_TASK DESCRIPTION_
Copy each line below exactly as it appears. Pictures are to be omitted.

_RECORDED INFORMATION_
--*--

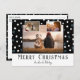 3 Foto Colagem Moderna de Preto Branco Padrão Feliz Cartão de Natal Feliz. Padrão quadrado preto e branco. Adicione 3 fotos e personalize o texto na frente e no verso.
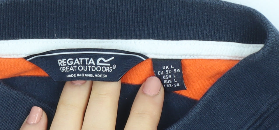 Refresh your casual wardrobe with this Regatta Men's Multicoloured Striped Polo Shirt in size L. Designed for easy comfort and everyday wear, this polo shirt features wide horizontal stripes in striking orange, navy and white, giving it a classic yet eye-catching look. Crafted from soft and breathable 100% cotton jersey fabric, it ensures all-day comfort whether you’re heading outdoors for a walk, relaxing on a weekend, or catching up with friends. The collared neckline with button placket adds a refined touch, while the lightweight material provides a relaxed, regular fit suitable for layered or standalone wear. Practical and easy to care for, it’s fully machine washable and made with durable stitching for lasting quality. The embroidered Regatta Great Outdoors logo on the sleeve reinforces the premium outdoor heritage of the brand, making this polo both stylish and functional. Ideal for spring, summer, and autumn wear, it’s perfect for outdoor activities, travel, or relaxed casual settings. In very good pre-loved condition with only minor signs of gentle wear, this polo is a reliable wardrobe staple for any man who values comfort, practicality, and style. Pair with jeans or shorts for an effortlessly smart-casual look. A great value Regatta piece to add to your everyday rotation.
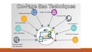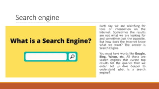 The document provides an overview of search engine optimization (SEO), including defining SEO, explaining the importance of SEO, describing the different types of SEO (on-page, off-page, technical), and summarizing some major updates to Google's algorithms. SEO involves optimizing websites and content to rank higher in search engine results and get more visitors from search engines by focusing on keywords, links, site speed and structure. The goal of SEO is to help websites be more discoverable online and improve organic traffic and sales.
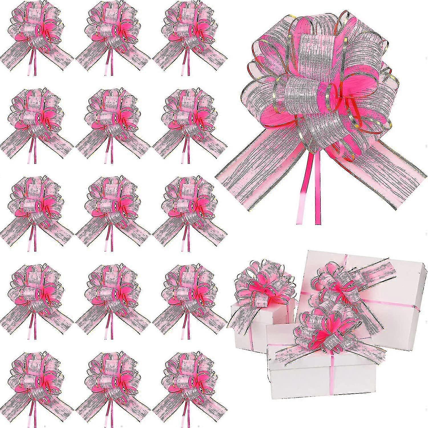 Abundant Quantity: The package contains 20 cute unassembled pink gift wrap bows, enough to decorate your gift or gift box and make them more delicate and beautiful Attractive design: these gift pulls The bow is designed with a striped pattern in attractive colors and the finished shape is like a yellow flower that looks sparkling and beautiful in the light Premium material and right size: This white Christmas gift bow is made of organza Manufactured, safe and sturdy, tear-resistant and fade-resistant, you can draw with confidence Easy to operate: each draw bow consists of 8 bows, which are firmly fixed by plastic rings; find 2 thin ribbons, one Hold 2 thin ribbons in one hand and slowly pull the other hand, a nice big bow will come out, you can also follow the steps in the picture/video to get a nice bow application Wide range: These pink gift bows can not only decorate gift box packaging, flower packaging, wedding table, Christmas gifts, but also can be applied to Christmas, weddings, baby showers, etc., to make your big day full of romantic and fresh atmosphere
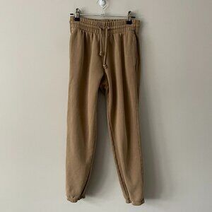 TNA Cozy Fleece Boyfriend Sweatpants Mid Rise Waist Casual Tan 2XS : Used and in good used condition
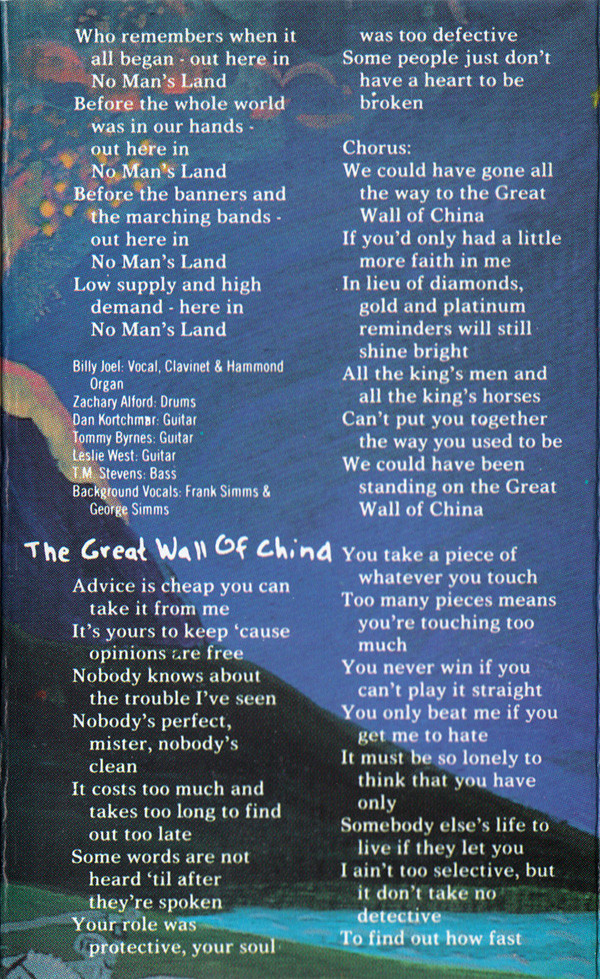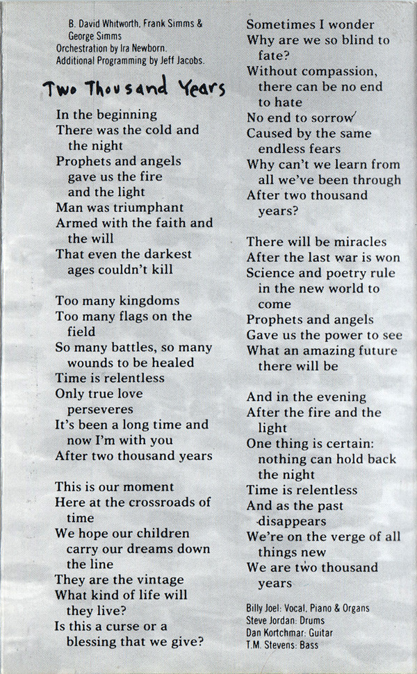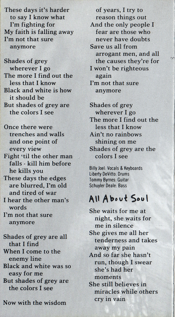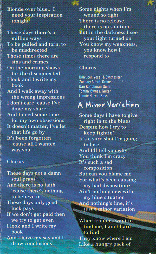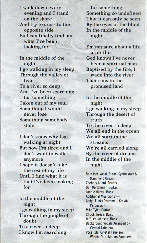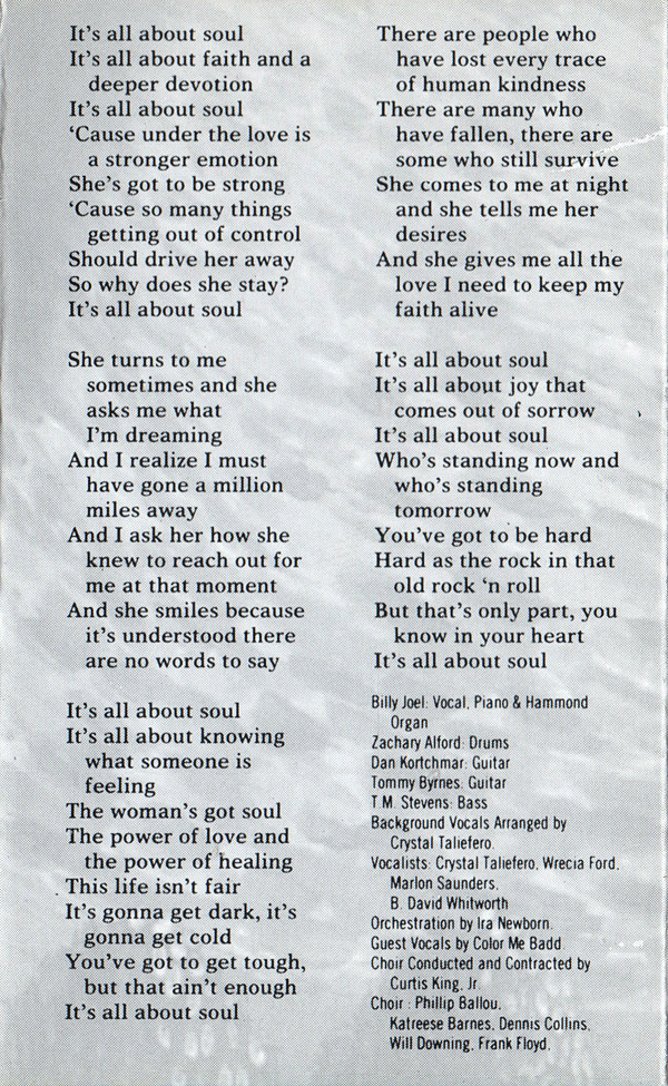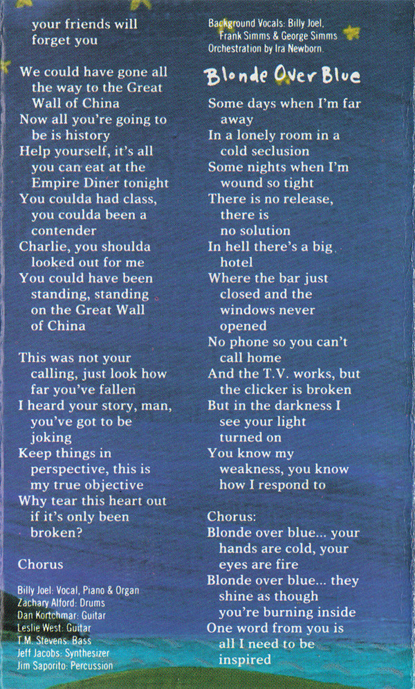 Backing Vocals – Frank Simms Backing Vocals – George Simms Backing Vocals – Billy Joel Bass – T.M. Stevens Drums – Zachary Alford Guitar – Leslie West Guitar – Danny Kortchmar Orchestrated By – Ira Newborn Percussion – Jim Saporito Synthesizer – Jeff Jacobs Vocals, Piano, Organ – Billy Joel |

--*--

_ANSWER BELOW_
 3 Foto Colagem Moderna de Preto Branco Padrão Feliz Cartão de Natal Feliz. Padrão quadrado preto e branco. Adicione 3 fotos e personalize o texto na frente e no verso.
 Refresh your casual wardrobe with this Regatta Men's Multicoloured Striped Polo Shirt in size L. Designed for easy comfort and everyday wear, this polo shirt features wide horizontal stripes in striking orange, navy and white, giving it a classic yet eye-catching look. Crafted from soft and breathable 100% cotton jersey fabric, it ensures all-day comfort whether you’re heading outdoors for a walk, relaxing on a weekend, or catching up with friends. The collared neckline with button placket adds a refined touch, while the lightweight material provides a relaxed, regular fit suitable for layered or standalone wear. Practical and easy to care for, it’s fully machine washable and made with durable stitching for lasting quality. The embroidered Regatta Great Outdoors logo on the sleeve reinforces the premium outdoor heritage of the brand, making this polo both stylish and functional. Ideal for spring, summer, and autumn wear, it’s perfect for outdoor activities, travel, or relaxed casual settings. In very good pre-loved condition with only minor signs of gentle wear, this polo is a reliable wardrobe staple for any man who values comfort, practicality, and style. Pair with jeans or shorts for an effortlessly smart-casual look. A great value Regatta piece to add to your everyday rotation.
 The document provides an overview of search engine optimization (SEO), including defining SEO, explaining the importance of SEO, describing the different types of SEO (on-page, off-page, technical), and summarizing some major updates to Google's algorithms. SEO involves optimizing websites and content to rank higher in search engine results and get more visitors from search engines by focusing on keywords, links, site speed and structure. The goal of SEO is to help websites be more discoverable online and improve organic traffic and sales.
 Abundant Quantity: The package contains 20 cute unassembled pink gift wrap bows, enough to decorate your gift or gift box and make them more delicate and beautiful Attractive design: these gift pulls The bow is designed with a striped pattern in attractive colors and the finished shape is like a yellow flower that looks sparkling and beautiful in the light Premium material and right size: This white Christmas gift bow is made of organza Manufactured, safe and sturdy, tear-resistant and fade-resistant, you can draw with confidence Easy to operate: each draw bow consists of 8 bows, which are firmly fixed by plastic rings; find 2 thin ribbons, one Hold 2 thin ribbons in one hand and slowly pull the other hand, a nice big bow will come out, you can also follow the steps in the picture/video to get a nice bow application Wide range: These pink gift bows can not only decorate gift box packaging, flower packaging, wedding table, Christmas gifts, but also can be applied to Christmas, weddings, baby showers, etc., to make your big day full of romantic and fresh atmosphere
 TNA Cozy Fleece Boyfriend Sweatpants Mid Rise Waist Casual Tan 2XS : Used and in good used condition
 Backing Vocals – Frank Simms Backing Vocals – George Simms Backing Vocals – Billy Joel Bass – T.M. Stevens Drums – Zachary Alford Guitar – Leslie West Guitar – Danny Kortchmar Orchestrated By – Ira Newborn Percussion – Jim Saporito Synthesizer – Jeff Jacobs Vocals, Piano, Organ – Billy Joel |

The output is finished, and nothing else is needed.